When Galileo Galilei succeeded in transforming physics into a quantitative, mathematical science, his effort was the culmination of a tradition that we can trace to the Greeks. At the same time, the success of Galileo's effort represents the end of the fundamentally qualitative approach to nature that is characteristic of Aristotelian natural philosophy. Aristotle's philosophy of nature comprises all of the texts related to the study of nature, the metaphysical principles of nature, change and motion, earth, the heavens, his studies in biology, and the shorter treatises on the senses and perception, all culminating in his major work on the soul.

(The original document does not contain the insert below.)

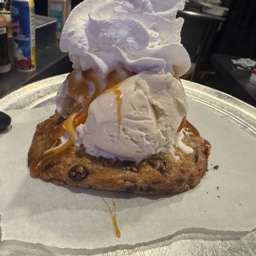 Salted Chocolate Chip Cookie. Eat it warmed up by itself or top it with Dirty Dawg’s ice cream, drizzle and whipped cream on top. Made in house.
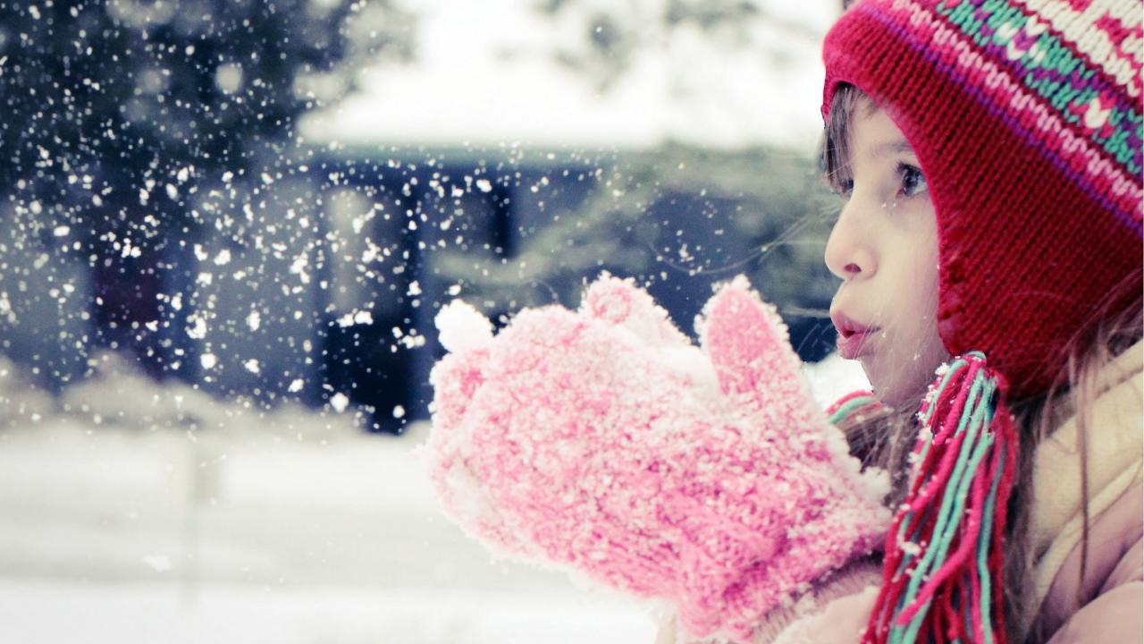 Wallpaper Girl blows off the white snow with mittens

In the Middle Ages the interpretation of Aristotle’s natural philosophy continued the classical tradition of interpretation in the context of Peripatetic, Neoplatonic, Stoic, Christian, Islamic, and other agendas. Although there were scholars who contributed to the exact sciences, in texts that fit in the tradition of medieval natural philosophy we find for the most part philosophical discussions of texts, typically of Peter Lombard’s Sentences, Aristotle’s Physics, and of other treatises by Aristotle as well as of the commentaries of Averroes. William of Ockham wrote two very long texts on natural philosophy, two shorter accounts, and numerous comments dealing with questions on natural philosophy in his massive Commentary on the Sentences. Yet, even when he shows himself to have some familiarity with a specific discipline (as in theories of vision), his use of it tends to be sketchy and highly selective.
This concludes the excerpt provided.